Be persistent against regulatory roadblocks
Be persistent against regulatory roadblocks
Even if you are located in a state with fairly clear rules written to govern recovery care centers, there might be gray areas, says Carol Blanar, administrator and director of nursing for Sagamore Surgical Center in Lafayette, IN.
In 1996, when Blanar started planning for her center’s recovery care service, she was told that her center could keep patients up to 24 hours and it didn’t matter when the clock started.
"We decided that we would start the clock when the patient arrived in the recovery care center, but after we built our five overnight suites, the state then said the clock starts as soon as the patient arrives at the surgery center," says Blanar.
Starting the 24-hour clock at the patient’s arrival is impractical because it doesn’t allow for delays such as the prior case running long, the surgeon arriving late, or delays in lab results, she explains.

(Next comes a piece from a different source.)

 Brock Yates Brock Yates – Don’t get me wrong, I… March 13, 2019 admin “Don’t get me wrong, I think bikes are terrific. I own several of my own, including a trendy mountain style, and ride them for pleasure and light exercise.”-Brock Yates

You also run into the problem of patients who checked in at 7 a.m. for surgery having to go home at 7 a.m. the next morning, says Blanar. "Physicians may not be able to see them early enough to discharge them by 7 a.m., she says. "Most patients want something to eat, or they may not be able to get a ride home that early."

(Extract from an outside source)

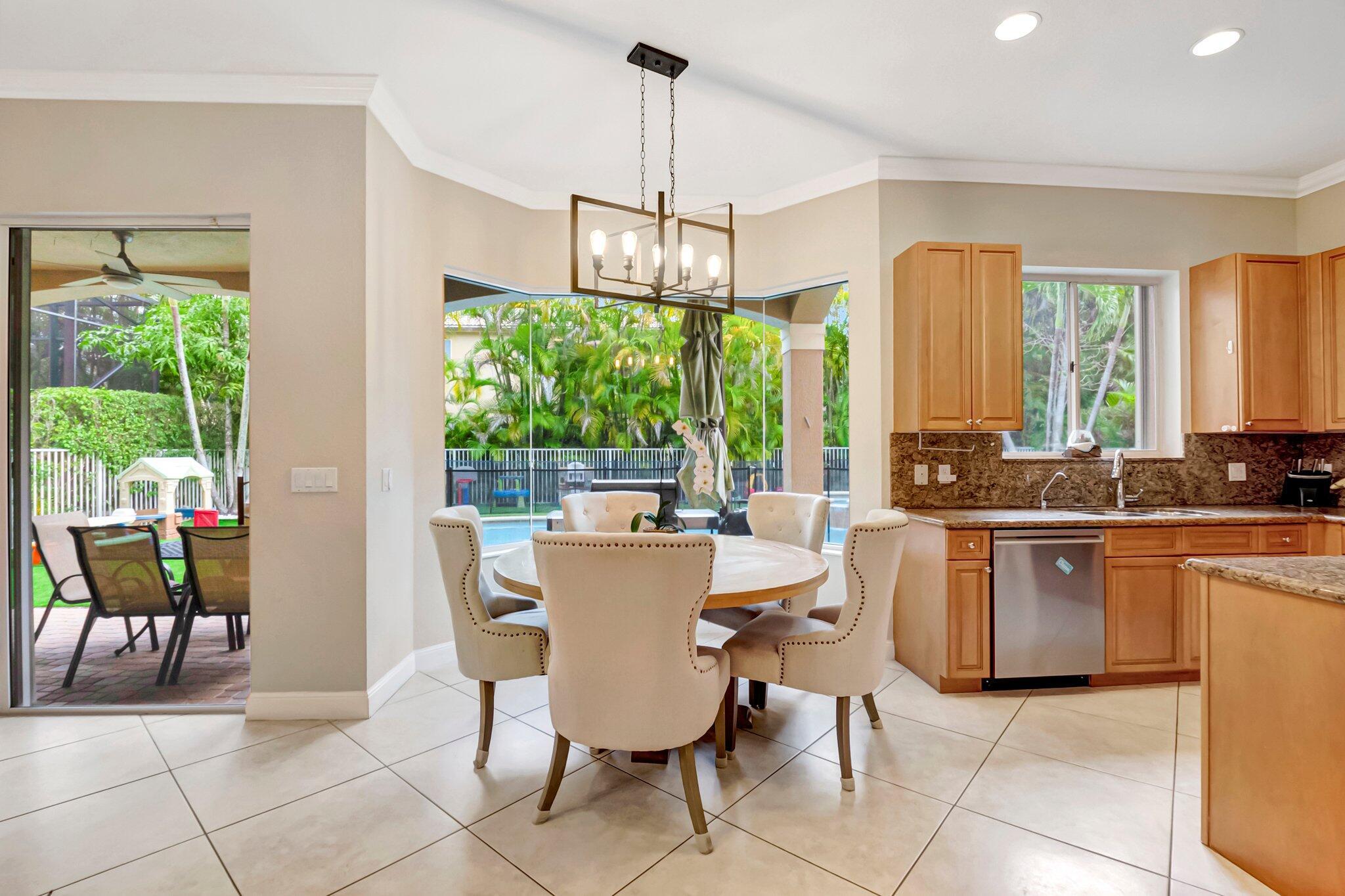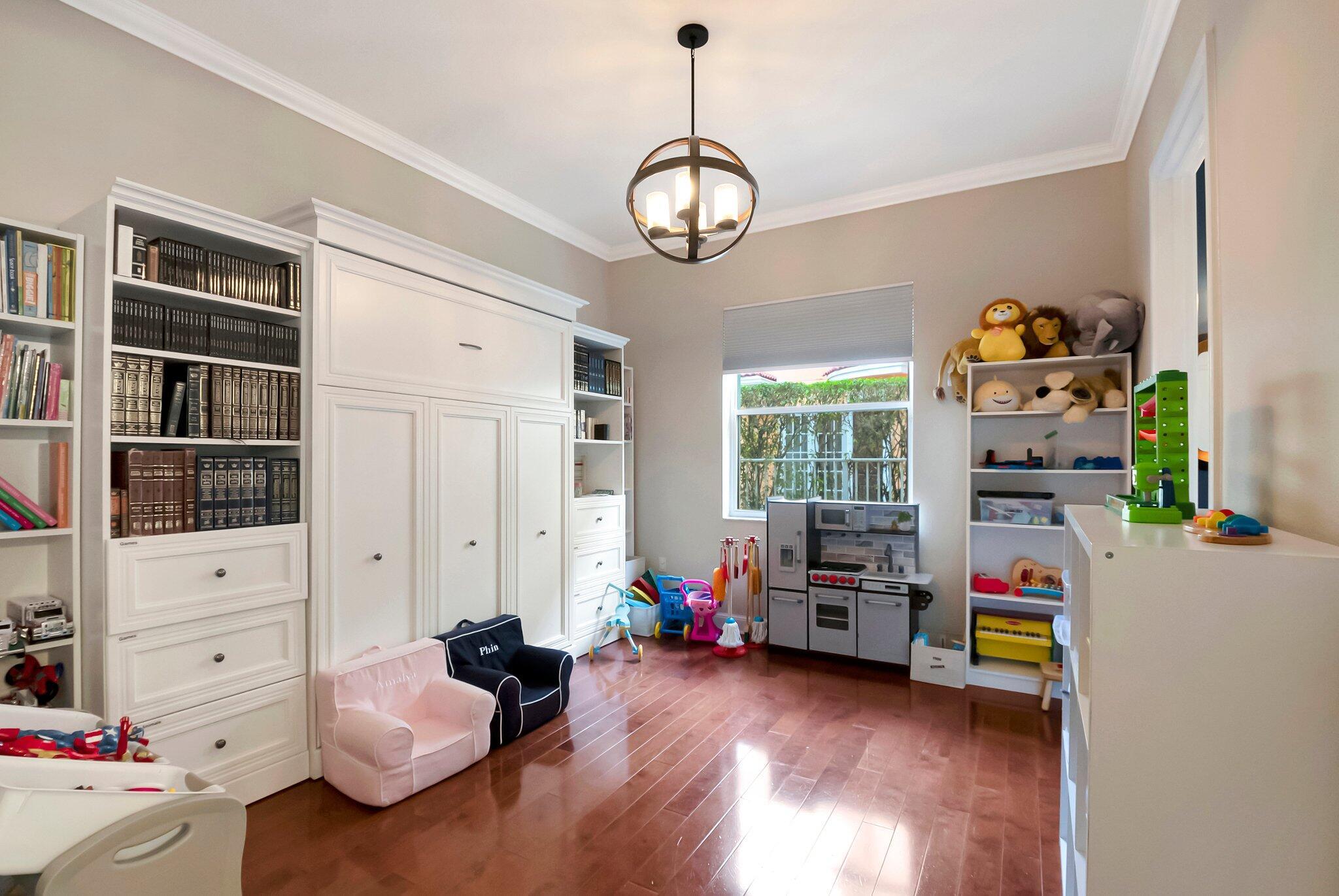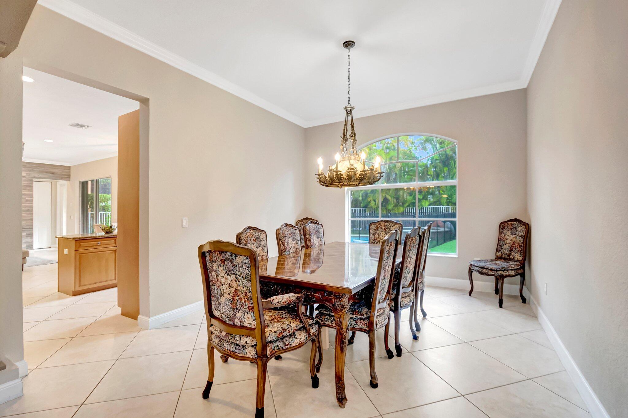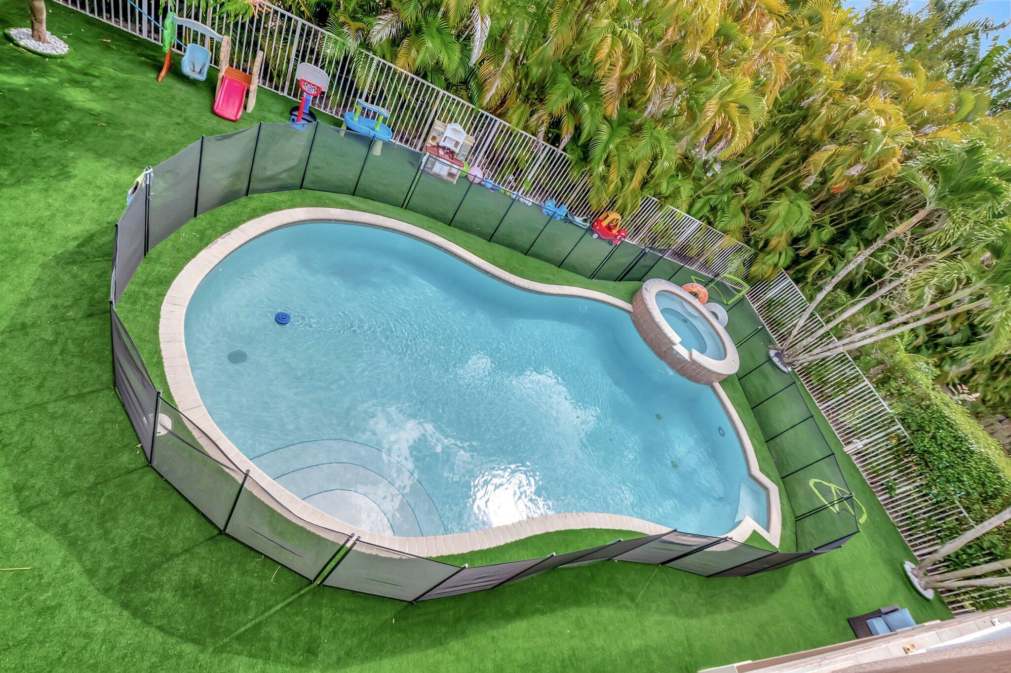 Beautiful Castellana model offers 6 bedrooms, 5.1 baths, & 3-car garage on a private and secluded homesite. The park and playground are close by. Ceramic flooring throughout the living area & beautiful engineered wood flooring on the 2nd floor. The kitchen features granite counter tops, dishwasher, double oven & a complete walk-in pantry. A 2nd dishwasher is in the laundry room. The garage has an additional full size refrigerator & freezer which are included in the purchase. The upstairs primary suite has a sitting area, his & her bath & a covered balcony overlooking the pool. The closets are fully built-out. Crown molding detailing is in every bedroom. The backyard has a heated pool with salt-water chlorination & a waterfall spa. Artificial turf completes the tropical feel.

After fighting to change the rules for three years by lobbying legislators, meeting with key people within the proper departments and by garnering support from all surgery centers, Blanar says she has won. "We can start the clock as early as the patient’s arrival but no later than when they enter the operating room."
Blanar who is president of the Indiana Federa-tion of Ambulatory Surgery Centers, has begun lobbying efforts to support proposed legislation that will allow stays of 48 hours to 72 hours within Indiana recovery care centers.
State may try to protect hospitals
While Blanar ran into trouble with different interpretations of the state statutes, Trent Kaufman, executive director of Gem City Bone and Joint, an orthopedic same-day surgery center in Laramie, WY, faced a more serious challenge when he contacted the state department that oversees licenses for health care facilities.
"I was told that they would do everything possible to stop us from setting up a recovery care center because it would threaten the smaller hospitals in the state," says Kaufman.
Gem City Bone and Joint is located in an area that is not just rural, but frontier, he explains. The organization has seven clinics statewide that feed into the primary facility in Laramie, he says.
"While the local hospital claimed we would be stealing their patients, the reality is that 70% of our patients using the recovery care center come from outside Laramie and would have gone outside Wyoming for their hospital stay," he says.
"Our argument was that we could keep Wyoming patients in Wyoming by offering this service," Kaufman explains.
Although it took one year and an opinion from the state attorney general’s office for a final ruling, Kaufman was able to set up his recovery care center.
Requirements differ from state to state
"We were required to have a 1½-hour firewall between the two areas; we discharge patients from the surgery center and admit them to the recovery center; and we cannot float staff from one area to the other," says Kaufman.
Hospital-based programs have fewer regulatory challenges, but if you’re in a state with certificate of need requirements, you may have to redesignate beds or ask for additional beds to set up a recovery care center, says Debbie Proctor RN, department head of the outpatient center and surgical admissions center at Promina DeKalb Medical Center in Decatur, GA.
"When we set up our 23-hour stay unit in 1992, we used existing beds, but we redefined them as short-stay unit beds," explains Proctor.
If the facility had not had bed count available to transfer to the short-stay use, the hospital would have needed to submit a certificate of need application for additional beds, she adds.